What would happen if we replaced those 16 disk-based V7000s with all-flash V7000s? Each of the disk-based ones delivered 32,502.7 IOPS. Let’s substitute them with 16 all-flash V7000s, like the one above, and, extrapolate linearly; we would get 1,927,877.4 SPC-1 IOPS – nearly 2 million IOPS. Come on IBM: go for it.

via All-flash IBM V7000 smashes Oracle/Sun ZFS box • The Register.

That’s right, IBM is understanding the Flash-based SSD SAN market and is making some benchmark systems to help market its disk arrays. Finally we’re seeing some best case scenarios for these high end throughput monsters. It’s entirely possible to create a 2Million IOPS storage SAN. You just have to assemble the correct components and optimize your storage controllers. What was once a theoretical maximum throughput (1M IOPs) is now achievable without anything more than a purchase order and an account representative from IBM Global Services. It’s not cheap, not by a longshot but your Big Data project or OLAP with Dashboard may just see orders of magnitude increases in speed. It’s all just a matter of money. And probably some tweaking via an IBM consultant as well (touche).

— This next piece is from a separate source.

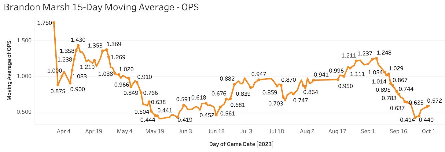 Brandon Marsh is in the “improving contact rates” section here, gaining 10 points on his contact rate over these last thirty days as compared to his years prior.
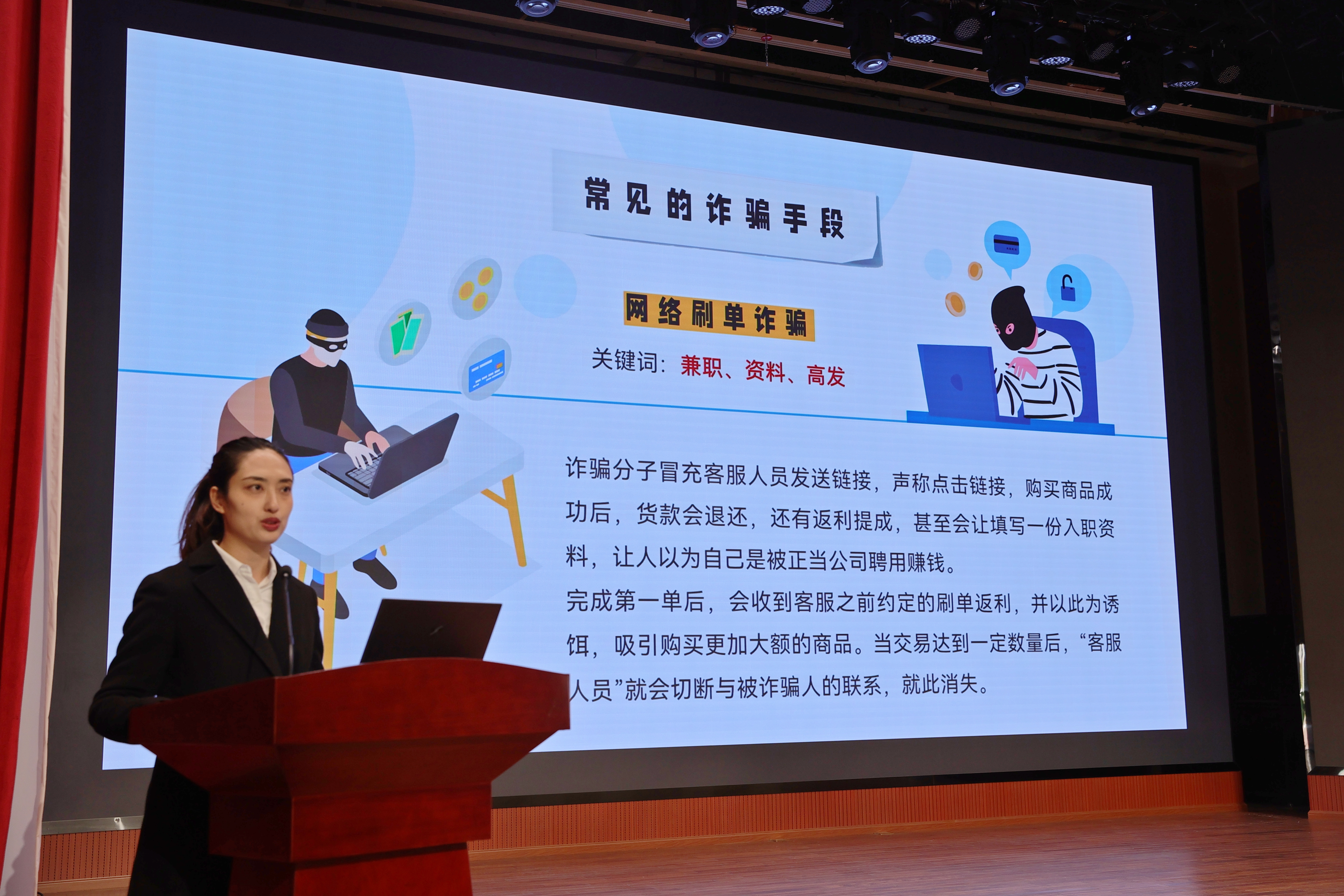 工商银行大观支行个人金融业务部风险经理刘丹为大家带来了一场生动地防诈反诈科普课堂宣讲。宣讲中,她深入浅出地解析了网络刷单、兼职诈骗、校园贷等常见诈骗手段,揭示其背后的贪小便宜、虚荣心理等受骗原因。并对防诈骗提出了几点建议,一是不贪图便宜或无端恩惠;二是要提高防范意识,提升辨别能力;三是要正确处理人际关系;四是不感情用事。她举真实案例,用诈骗方法与典型案例相结合的方式,给大家传经送宝,送上了一系列的防骗提醒。她特别强调了何为帮信罪,以及其背后的法律后果,引导大家树立正确的法律观念。宣传活动中,我院同学认真聆听,展现出当代大学生的责任与担当。此次宣讲活动在反电信诈骗电影《巨额来电》的放映中圆满结束。影片中的诈骗案例,让我们深刻理解了诈骗的危害,也更加坚定了我们防范诈骗的决心。

Granted that IBM doesn’t have this as a shipping product isn’t really the point. On paper what can be achieved by mixing matching enterprise storage appliances and disk arrays and software controllers is beyond what any other company is selling IS the point. There’s a goldmine to be had if anyone outside of a high frequency trading skunkworks just shares a little bit of in-house knowledge product familiarity. No doubt it’s not just the network connections that make things faster it is the IOPs that will out no matter what. Write vs. Read and latency will always trump the fastest access to an updated price in my book. But I don’t work for a high-frequency trading skunkworks either, I’m not privy to the demands made upon those engineers and consultants.  But still we are now in the best, boldest time yet of nearly too much speed on the storage front. Only thing holding us back is the network access times.